Ele deixou o Goiás pela promessa de um empresário de que iria para a Ponte Preta. O negócio não deu certo. Sem clube, foi indicado para o Capital, de Brasília, pelo antigo treinador Augusto e pelo auxiliar Glauber Ramos, hoje integrante da comissão técnica fixa do Goiás. Ainda rodou por Itumbiara, Grêmio Anápolis e, neste ano, jogou a segunda divisão do estadual do Rio de Janeiro pela Cabofriense.

“Acredito que a limitação, no profissional, tenha passado a pesar. A não permanência dele foi baseada só em resultados técnicos, naquilo que faltou”, conta Glauber.

Em campo, ele diz ter desenvolvido percepções diferentes para vencer as limitações. Quando disputa uma bola pelo alto procura saltar antes do adversário. O mesmo acontece quando tem a bola nos pés, momento em que evita carregá-la por muito tempo para não ser surpreendido.

“Desenvolvi cacoetes para superar minha deficiência. É automático eu me antecipar ou soltar a bola rapidamente, porque sei que não tenho a visão periférica.”

De volta a Búzios, cidade onde nasceu, ele hoje treina com a ajuda de amigos que lhe auxiliam tanto na parte física como nos trabalhos com bola. Nos fins de semana, joga por equipes de várzea e de futebol 7 para conseguir se manter em atividade.

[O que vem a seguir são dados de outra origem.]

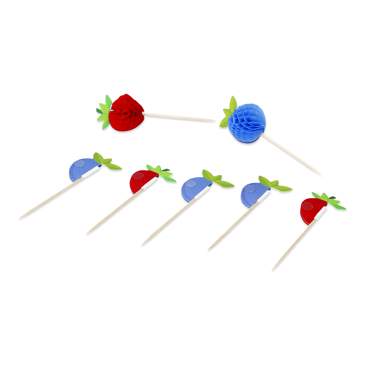 8'li Kırmızı Meyve Detaylı Kürdan ile parti atıştırmalıklarınızı şık bir şekilde sunun. Her biri çilek ve mavi dut şeklinde tasarlanmış olan bu dekoratif çubuklar, tatlılar, kekler veya peynir tabakları gibi ikramlara neşeli ve şenlikli bir hava katar. 11,4 x 4 x 4 cm boyutlarındaki bu kürdanlar, yiyeceklerinizi şık bir şekilde sunarken, masanıza canlı renkler ve eğlenceli bir hava ekler.

“Ainda ouço as pessoas me dizendo o que posso ser. Que posso ser um cozinheiro, mas que não posso ser um atleta. Que não tem como um cego jogar onde todos enxergam, mas não aceito isso”, diz.

No futebol profissional, o caso mais conhecido envolvendo a visão de um atleta ocorreu com Tostão. Em 1969, ele levou uma bolada no olho esquerdo que resultou no descolamento da retina. Passou por cirurgia e voltou a tempo de disputar a Copa de 1970 como um dos destaques das seleção do tricampeonato. Três anos depois, porém, abandonou o futebol, aos 26 anos.

O atacante Bruno Henrique, do Flamengo, passou por um grave problema em 2018, ao também sofrer em uma bolada cinco lesões diferentes no olho direito. O jogador teve um ano praticamente perdido no Santos até ser negociado no ano seguinte com o clube carioca e deslanchar novamente.

Atualmente sem clube, Guida espera uma nova chance de mostrar que pode vencer a dificuldade. Recentemente, rejeitou proposta para jogar na Matonense, na quarta divisão paulista.